Article

I Wanna Play My Games

The dilemma: how do you get anything you brought to game night on the table? Justin explores that critical moment and brings perspective on the state of gaming.

There was a point, maybe six or seven years ago, when I considered walking away from playing games altogether.

That’s not because I don’t enjoy games, or the people that are in my gaming circles. In fact, quite the opposite: I love rolling dice while spending time with friends. But I didn’t seem to have as much time as I would like to play games, and a funny thing happens when you join a game group where the players are all interesting people who have a life:

Those people are not consistently able to come to game night.

So, there I was in, say, 2016, with a group I had known for years. At the time, this group gathered at a local bar once a week, sometimes on Tuesdays, more often on Wednesdays. Everyone would arrive around 7 PM, giving us about four hours together.

Pleasantries were exchanged. Messenger bags, purses, large duffels and medium-sized backpacks were placed on one end of the table, and one by one, all of them would be opened, revealing a plethora of games both new and old that would serve as the menu for the evening.

Then, the jousting would begin with a simple question:

“So…what do folks want to play tonight?”

One of the games that hit the table back in 2016–Vinhos: Deluxe Edition

Bring Your Shouting Voice

On a typical night, with 8-10 players, we had 30-50 games on the table. There was always a wide selection of games, in part because everyone in my groups (then, and now) is cool paying top dollar for games that they want and have a crop of games that support all player counts, with short, medium and longer durations regardless of the weight class.

Of the players, there were always two, maybe three, people who had an agenda: they just bought a new game at their local FLGS, or maybe they had just received a game they backed on Kickstarter, or maybe they wanted to playtest a game they were working on.

Two or three other players were the shouters: they would always be the ones to start the bidding. “Guys, I just picked up Scythe, and we should DEFINITELY play it, it’s SO good. Trust me, it plays fast; with the teach, we’re looking at maybe an hour and a half. Trust me.”

There was always at least one person who showed up from work, or came late because they were “putting the kids down”, so they came with no agenda, no games, and a green field of hope. Any game that they could play made the night a big win because they would play anything. In fact, one of the folks in that group literally didn’t own any games. He decided that the best way to get “his” games to the table was to have no games at all, a stance that I appreciate more and more each day.

And then, there was me. I wasn’t a shouter; I always brought games, but I placed them on the table and waited to see if anyone saw a box that got them excited to try it out. I take teaching games very seriously, so before any game night, I always prepared to teach my games in case they were selected.

I’m comfortable sharing my opinions, but I find that I am uncomfortable railroading a group into playing one of my games. I know my game will hit the table if we play every week, so I don’t mind if that game comes out this week, next week, or eventually.

Grand Austria Hotel

In a perfect world, if eight people show up, we’d be able to play at least eight one-hour games across two tables over four hours. Each player would be able to say that they got at least one game to the table.

But here’s the reality: you won’t start the game selection until all players have arrived at your game night. There goes the first 15 minutes. Then, there is shouting. Shouting, jostling, jousting, cajoling, negotiating, shoving (depending on the night), then choosing will take another 10-15 minutes.

So, now we have two games, split across either end of a long table. You’ve got to set those games up. Then, assuming the game is new to even a single player, you’ve got to teach that game; while you could have had players watch a teach video before showing up, not everyone plans as well as I do. (And yes, teach videos were available—although, not as freely—all the way back in 2016.)

Between setup and the teach, games usually didn’t kick off until 8 PM. That “quick” game of Scythe, on table number one? That might take longer than the 90 minutes forecasted when it won the bidding process. If it takes nearly the entire night—and most games take longer than the box says they will on the initial play—you’re probably looking at getting in one game per table, with maybe a filler or two thrown in to wrap up the night.
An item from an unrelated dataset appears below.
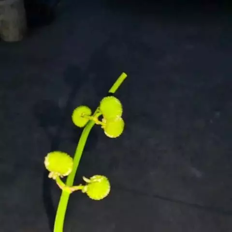 该变种与原变种不同在于:植株高大,粗壮;叶片宽大,肥厚,顶裂片先端钝圆,卵形至宽卵形;匍匐茎末端膨大呈球茎,球茎卵圆形或球形,可达5-8×4-6厘米;圆锥花序高大,长20-60厘米,有时可达80厘米以上,分枝()1-)2()-3),着生于下部,具1-2轮雌花,主轴雌花3-4轮,位于侧枝之上;雄花多轮,生于上部,组成大型圆锥花序,果期常斜卧水中;果期花托扁球形,直径4-5毫米,高约3毫米。种子褐色,具小凸起。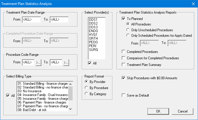 · Treatment Plan Date Range - Type a date range for treatment-planned procedures in the From and To fields. Or, leave <ALL> entered in both fields to include treatment-planned procedures for all dates.

Don’t forget that between a post-game chat about the experience, clean-up, and the decision process on playing a second game, that doesn’t leave much time for anything else before the bar closes for the night.

Let’s see, then—about 40 games were offered for play. Two main entrees made it out, and let’s say two 20-minute fillers were used to wrap up the night (San Juan always does play pretty quickly, even with new players). That means 90% of the games offered at game night—36 out of 40!!—didn’t hit the table.

What if that happens every week?

San Juan

A Vicious Cycle

This became the cycle for me—look through my 25-30 game collection, pick 3-5 to bring to game night, make sure I had all of the rules down. I would pack my bag and haul the games to the bar (arriving early to make sure I could at least get a prominent piece of real estate on whichever table someone had grabbed for our night), then hope to get even one of those games to the table.

On many of our game nights, I would find myself daydreaming in-between turns: why do I keep buying games? I never get any of them to the table. Maybe I need to be more forceful? Maybe I need to remind people about why my game is such a great fit for [insert your shouter name here], and why she will love it if she just gives it a chance?

Maybe I need to find another gaming group? Or two? My wife loves me enough to play lighter, sometimes medium-weight fare without complaint two or three times a month. But even then, that’s a two-player game when many games are best at higher player counts.

These were the thoughts that popped up when we had a night every week; slowly, our group moved to doing game night every other week, but for the same four-hour time window. That meant I was looking at playing one of my own games every other week, at best. In some cases, that was fine; I was traveling quite a bit for work at the time, so I stopped buying games as often, and other players were buying some of the games I wanted to try anyway.

In 2019, I had made the decision: I needed to start hitting more Meetup game nights, or a weekly game night at a store. When I traveled to places like Canada, I made sure to hit game nights at board game cafes like Snakes and Lattes. I needed more chances to play games, because I found myself buying games more often.

A sampling of the landscape for many players I know now mirrors what I was seeing from maybe 2016 up until the start of COVID. How do gamers survive this vicious cycle? Everyone buys games and hopes to get them to the table. Most people I know play games once, maybe twice a week. Some players I know have really challenging schedules, and only get to game once or twice a month.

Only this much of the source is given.